The following section describes the different states the doca_telemetry_diag context goes through, how to move between states and what is allowed in each state.

Idle

The context is Idle and has ownership of a diagnostics data domain.

In this state it is expected for the application to:

  • Destroy the context (releases the ownership).

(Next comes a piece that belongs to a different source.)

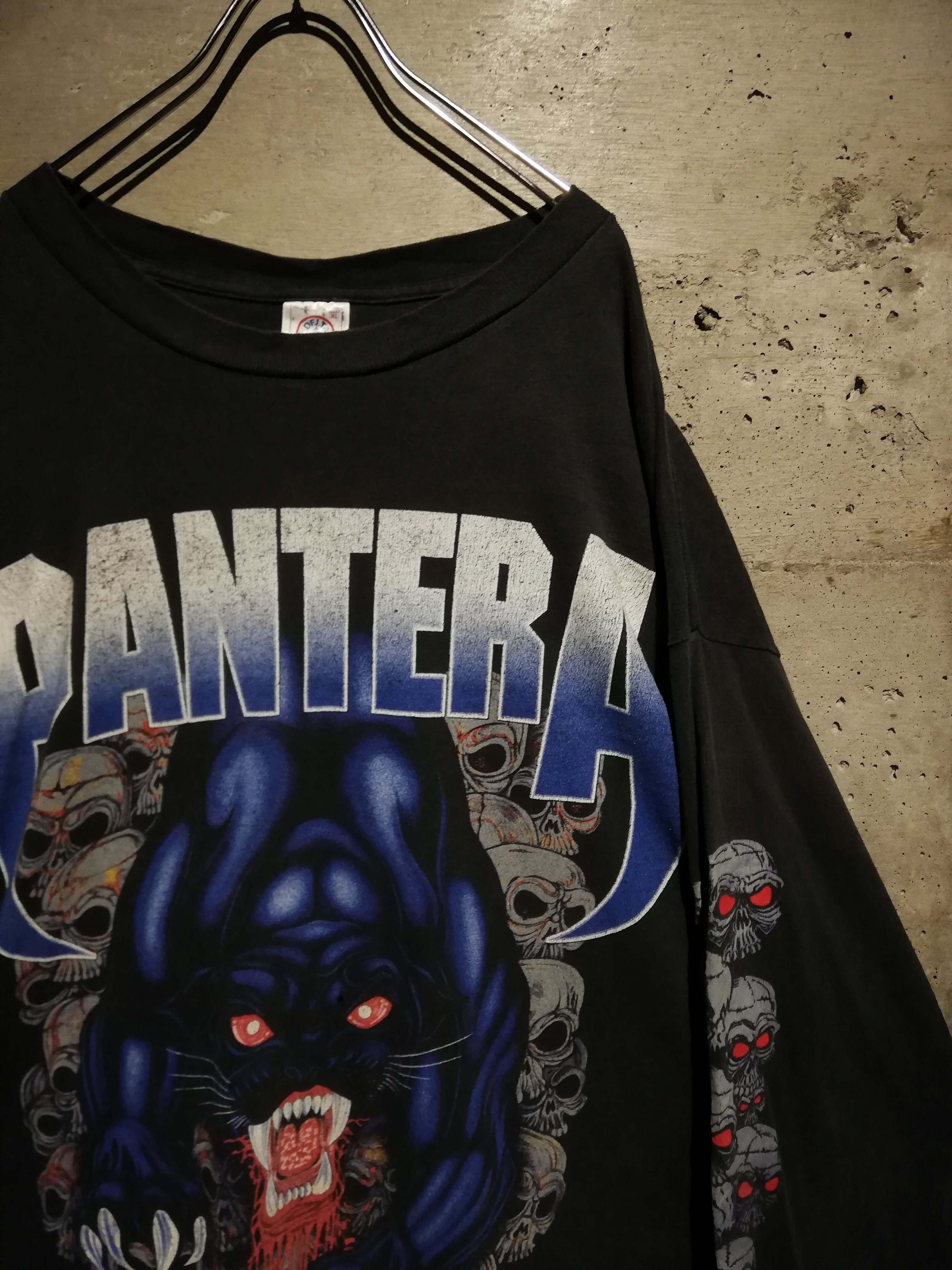 90年代のバンドTシャツ市場の中でも、PANTERAは特に人気が高く、グラフィックの完成度や当時の音楽的背景から、コレクターズアイテムとしての評価も非常に高い1枚。ロンTとなると現存数も少なく、入手難易度が高まっています。音楽とファッション、そしてカルチャーを横断する、“PANTERA”のスペシャルなロンTです。

  • Apply a configuration, moving the context to "Configured" state.

Allowed operations:

It is possible to reach this state as follows:

Previous State

Transition Action

None

Create the context

Configured

Call stop

Ready

Call stop

Running

Call stop

Configured

In this state it is expected for application to:

  • Apply the list of data IDs configuration using doca_telemetry_diag_apply_counters_list_by_id, moving the context to "Ready" state.

Allowed operations:

  • Checking if a data ID is supported using doca_telemetry_diag_check_data_id 

  • Calling stop, moving it to "Idle" state

It is possible to reach this state as follows:

Previous State

Transition Action

Idle

Successfully apply the configuration, calling doca_telemetry_diag_apply_config.

Ready

All the necessary configuration was applied and the context is ready to start sampling.

In this state it is expected that application:

  • Start the context, moving it to "Running" state.

Allowed operations:

  • Calling stop, moving it to "Idle" state.

It is possible to reach this state as follows:

Previous State

Transition Action

Configured

Successfully apply the list of counters, calling doca_telemetry_diag_apply_counters_list_by_id.

Running

In this state samples are generated and can be retrieved.

In this state it is expected that application:

  • Query the counters.

Allowed operations:

  • For "Single" sample mode, restarting the context if needed.

  • Calling stop, moving it to "Idle" state

It is possible to reach this state as follows:

Previous State

Transition Action

Ready

Successfully start the context

Alternative Datapath Options

DOCA Telemetry Diag supports only CPU-based datapaths.

DOCA Telemetry Diagnostics Sample

This section describes a telemetry diagnostics sample based on the doca_telemetry library.

The sample illustrates the utilization of DOCA telemetry diagnostics APIs to initialize and configure the doca_telemetry_diag context, as well as querying and parsing diagnostic counters.

Running the Sample

  1. Refer to the following documents:(3.4.0) DOCA Installation Guide for Linux for details on how to install BlueField-related software.NVIDIA BlueField Platform Software Troubleshooting Guide for any issue you may encounter with the installation, compilation, or execution of DOCA samples.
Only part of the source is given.